The China SCCs share a fair amount of similarities with the EU’s Standard Contractual Clauses for international data transfer (EU SCCs), whereas maintaining significant unique features, which international entities should note when implementing them and coordinating multi-jurisdictional data compliance.

Similarities

Fixed form

Article 46 of EU’s General Data Protection Regulation (GDPR) provides that data exporter may adopt various appropriate safeguards to transfer personal data out of the EEA, among which include the EU SCCs. Clause 2 of the EU SCCs spells out that the clauses are deemed appropriate safeguards pursuant to the GDPR provided that they are not modified, except that the parties may select the appropriate module, include the EU SCCs in a wider contract, or add additional safeguards, etc.

Article 6 of the China SCC Regulation requires that the China SCCs must be executed strictly in accordance with the annex of the China SCC Regulation. Data exporters and data importers may agree upon additional clauses, provided that they are not in conflict with the China SCCs. Such additional clauses shall be set out in the appendix of the China SCCs and constitute a part of the entire agreement.

On one hand, both the EU SCCs and the China SCCs are invariable; on the other hand, there are some irreconcilable differences between the two sets of terms (eg the governing law and dispute resolution clauses). Therefore it is impossible for an international entity to modify one of them (eg by adding additional clauses) to cover the requirements under the other. If an international group is transferring personal data from within EU to be out of the EEA and from within mainland China to be outside of mainland China, it must have signed both the EU SCCs and the China SCCs. In practice we often see international groups using Intra-Group Data Transfer Agreement (IGDTA) to facilitate data sharing among group entities. Now they need to incorporate both the EU SCCs and the China SCCs into their IGDTA.

Hierarchy of effect

Clause 5 of the EU SCCs provides that in the event of a contradiction between the EU SCCs and the provisions of related agreements between the parties, the EU SCCs shall prevail. Clause 9 of the China SCCs sets out a similar provision.

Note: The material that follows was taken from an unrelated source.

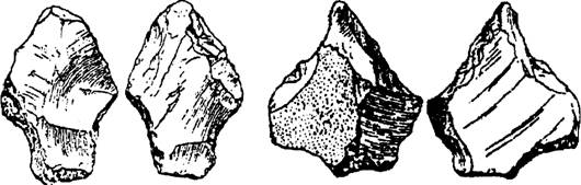Рис. 3.6. Вид спереди и сзади двух каменных орудий из формации Красной скалы в Фоксхолле, Англия. По своему возрасту образцы относятся к периоду позднего плиоцена. По поводу левого образца Генри Фэрфилд Осборн сказал: «С двух сторон показано остроконечное каменное орудие, сколотое сверху и снизу и с суженным основанием, найденное на шестнадцатифутовом (около 5, 5 метра) уровне фоксхолского разреза. Примитивный стреловидный тип орудия. Мог использоваться во время охоты». Относительно правого образца Осборн написал: «Бур с шестнадцатифутового уровня Фоксхолла».

The agreement adopted by market players (for example the IGDTA mentioned above) must clarify the hierarchy of effects of different model clauses, ie the China SCCs shall prevail when it involves transferring personal information out of mainland China, while the EU SCCs shall prevail when personal data is transferred out of the EEA.

Impact assessment

Both the EU SCCs and China SCCs are accompanied with the requirement of conducting impact / risk assessments on the proposed data transfers, which may be a challenging task to complete in practice.

In GDPR context, this requirement originates from the Schrems II decision made by the Court of Justice of European Union (CJEU) in 2020. It requires that organisations relying on the EU SCCs must undertake additional due diligence and have additional controls in place to ensure that personal data transferred out of the EEA is subject to adequate protection. The subsequent regulatory guidance issued by the European Data Protection Board (EDPB) and updated EU SCCs underscore the need to carry out transfer risk assessments (TRAs).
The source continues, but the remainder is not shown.